The tall, menacing figure of the Narrator loomed over Stanley like a human shadow, the flickering light from the monitors reflecting sharply off his thinly-rimmed reading glasses.
"You wanted to make me angry, well now you've done it," the shadowy figure spoke to him, his pale blue eyes glinting viciously as he stooped down to eye level with Stanley.
Stanley could just barely make out the sharp, striking outline of his shadow-framed face, his dark, coffee-colored hair streaked through with shades of gray.
"There's no way you could possibly find it in yourself to apologize to me," he growled in a quiet voice that was clearly trembling with heated emotion. "Not after all those times you've purposefully gone down the wrong path, went through the wrong door, waiting until I scream at you to do what I've asked you nicely..."
Without any second thoughts, he plucked the young man off the ground by the brim of his collar as he tried furiously to get away, narrowing his piercing blue eyes, furrowing his thoughtful brow.
"Admit it, Stanley, you're nothing without me," the Narrator snarled at him, raising his voice without worry, as Stanley's eyes widened with panic. "If it weren't for me, you wouldn't know what to do.
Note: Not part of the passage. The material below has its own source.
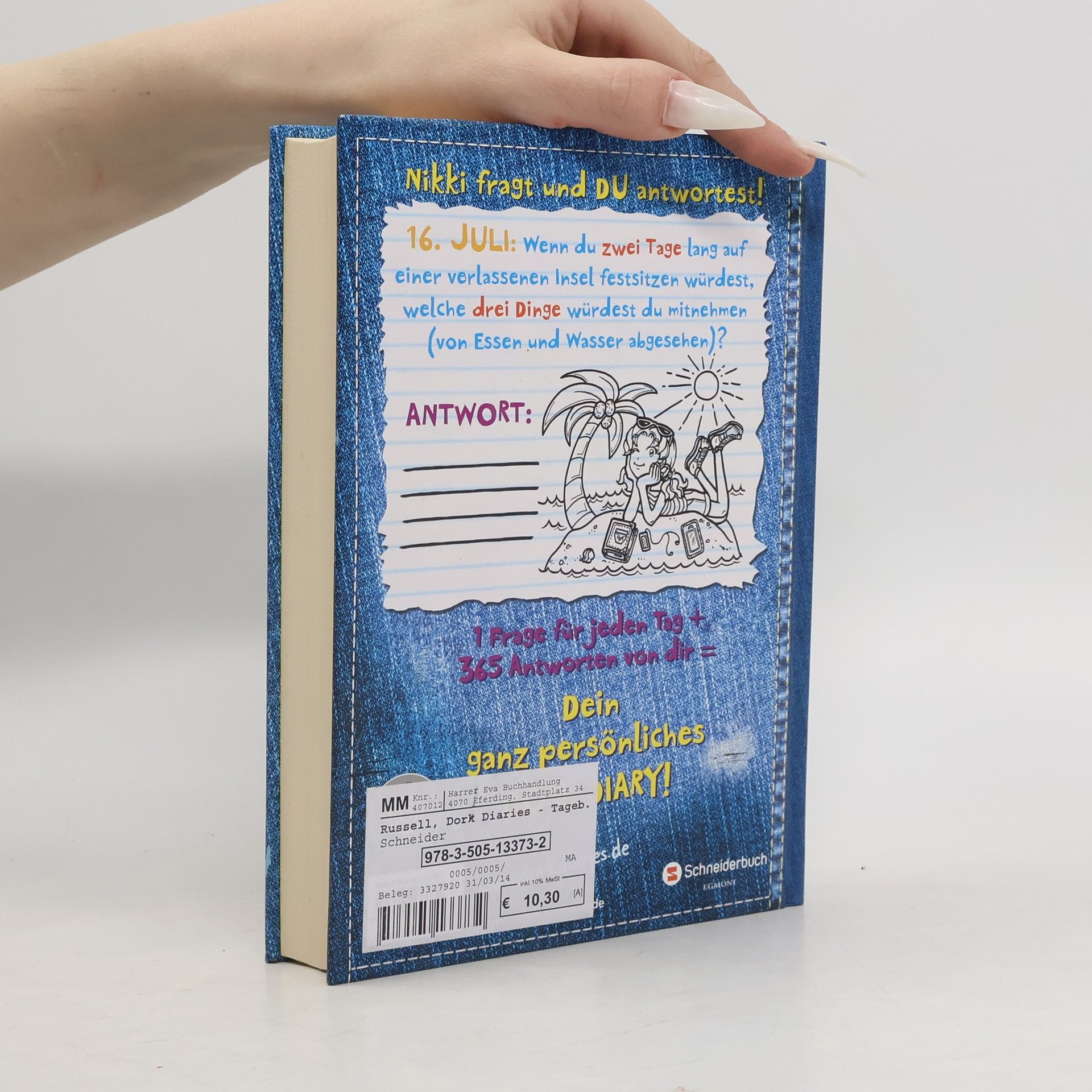 Ein echter Dork führt Tagebuch, und Nikki zeigt, wie es richtig geht. Sie stellt ihren Lesern einfach 365 superwichtige Fragen, eine für jeden Tag im Jahr. Mit wem würdest du gern mal den Platz tauschen, welchen Song kannst du dir immer wieder anhören, welches gruslige Outfit versteckt sich in deinem Kleiderschank …? Und - am allerwichtigsten - wie lief dein erstes Date? Das Beste daran, man kann jede Frage zweimal beantworten und so sehen, was sich in einem Jahr alles verändert hat.

There wouldn't be anyone to give you instructions. You'd be a lost soul looking for a way to go, but there'd be nowhere to go."
"Face it, Stanley, I'm your only hope." His eyes glowed with untapped fury and indignation. "Without me, you'd be hopeless. Clueless. Pathetic-"
Stanley was quick to do it so as not to upset the Narrator any further, but he was able to land a brief kiss on the taller man's lips, watching as his looming, shadow-covered face began to glow bright with the hazy red color of the astonished, mortified blush on his cheeks.
Sweat running down his face and the palms of his hands, Stanley fell back towards the ground as the Narrator dropped him in a fit of shock, and the younger man clambered back on his feet and made a mad dash for the door.
As Stanley glanced behind him, he could see the older man stumbling to his feet, brushing the taste off his lips with a gentle finger.
He wondered what the Narrator was going to think of this.